Azure 仮想マシンのバックアップからファイルを回復する

Azure Backup は、Azure 仮想マシン (VM) とディスクを Azure VM のバックアップ (復旧ポイントとも呼ばれる) から復元する機能を提供します。 この記事では、Azure VM のバックアップからファイルやフォルダーを回復する方法について説明します。 ファイルやフォルダーを回復する機能は、Resource Manager モデルを使用してデプロイされ、Recovery Services コンテナーに保護されている Azure VM に対してのみ使用できます。

注意

この機能は、Resource Manager モデルを使用してデプロイされ、Recovery Services コンテナーに保護されている Azure VM に対して使用できます。 暗号化された VM バックアップからのファイルの回復はサポートされていません。

ファイル フォルダーの回復ワークフロー

手順 1:ファイルを参照して回復するためのスクリプトを生成してダウンロードする

回復ポイントからファイルまたはフォルダーを回復するには、仮想マシンに移動し、次の手順を実行します。

  1. Azure portal にサインインし、左側のペインで [仮想マシン] を選択します。 仮想マシンの一覧から、仮想マシンを選択して、その仮想マシンのダッシュボードを開きます。

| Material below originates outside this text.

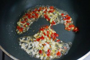 锅中留少许底油,放入姜末,蒜末和泡椒末炒香。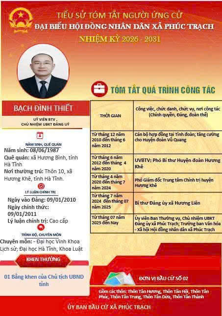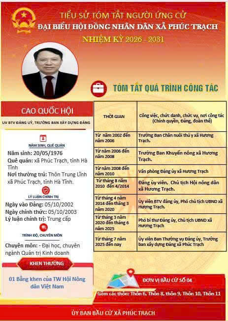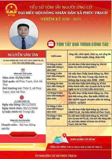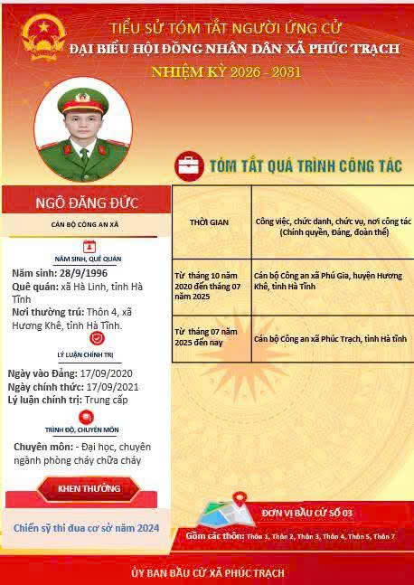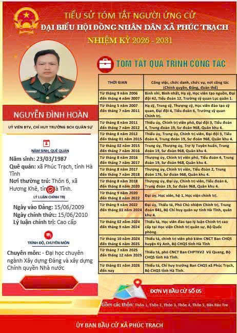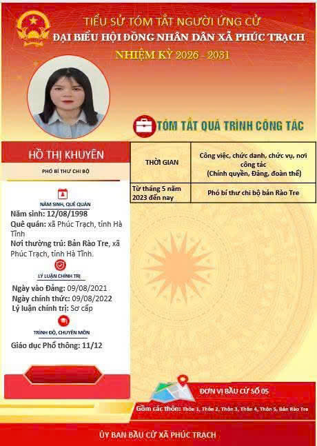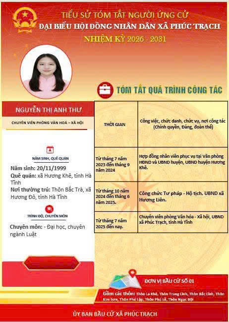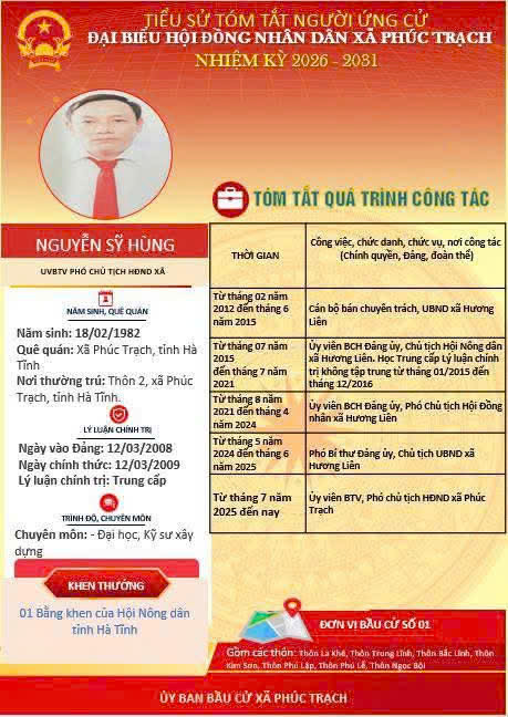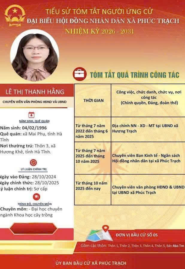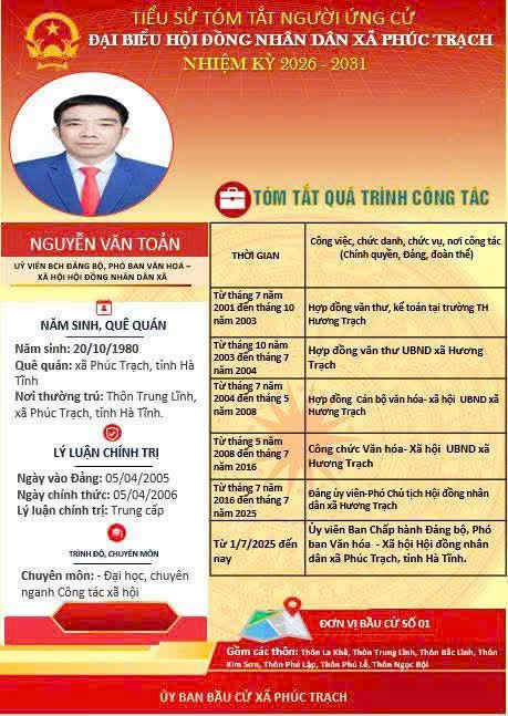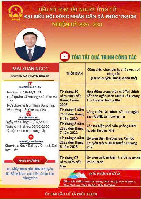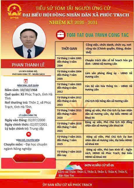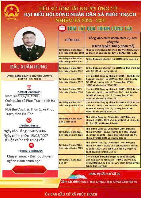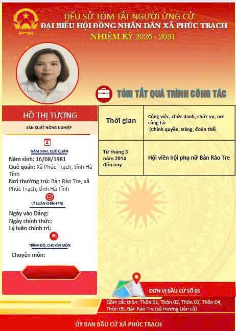 Các ứng cử viên đại biểu HĐND xã Phúc Trạch nhiệm kỳ 2026 – 2031 là những cán bộ, đảng viên và đại diện các tầng lớp Nhân dân trên địa bàn xã; có phẩm chất đạo đức tốt, năng lực, tinh thần trách nhiệm cao và tâm huyết với sự phát triển của quê hương. Nhiều đồng chí đã và đang đảm nhiệm các vị trí công tác quan trọng trong hệ thống chính trị, tích cực tham gia các phong trào thi đua yêu nước, xây dựng nông thôn mới, phát triển kinh tế - xã hội tại địa phương. Với chương trình hành động cụ thể, các ứng cử viên thể hiện quyết tâm lắng nghe, phản ánh trung thực ý kiến cử tri, góp phần xây dựng xã Phúc Trạch ngày càng phát triển, văn minh, giàu đẹp. Rất mong cử tri quan tâm, tìm hiểu và sáng suốt lựa chọn những đại biểu xứng đáng!

  2. 仮想マシンのメニューで、 [バックアップ] を選択し、[バックアップ] ダッシュボードを開きます。

    Recovery Services コンテナーを開く

  3. [バックアップ] ダッシュボード メニューで、 [ファイルの回復] を選択します。

    [ファイルの回復] を選択する32

    [ファイルの回復] メニューが開きます。

    [ファイルの回復] メニュー

  4. [回復ポイントの選択] ドロップダウン メニューで、目的のファイルを保持する回復ポイントを選択します。 既定では、最新の回復ポイントが既に選択されています。

  5. [実行可能ファイルのダウンロード] (Windows Azure VM の場合) または [スクリプトのダウンロード] (Linux Azure VM の場合: Python スクリプトが生成される) を選択して、回復ポイントからファイルをコピーするために使用するソフトウェアをダウンロードします。

    実行可能ファイルのダウンロード

    Azure は、実行可能ファイルまたはスクリプトをローカル コンピューターにダウンロードします。

    実行可能ファイルまたはスクリプトのダウンロード メッセージ

    実行可能ファイルまたはスクリプトを管理者として実行するには、ダウンロードしたファイルをコンピューターに保存することをお勧めします。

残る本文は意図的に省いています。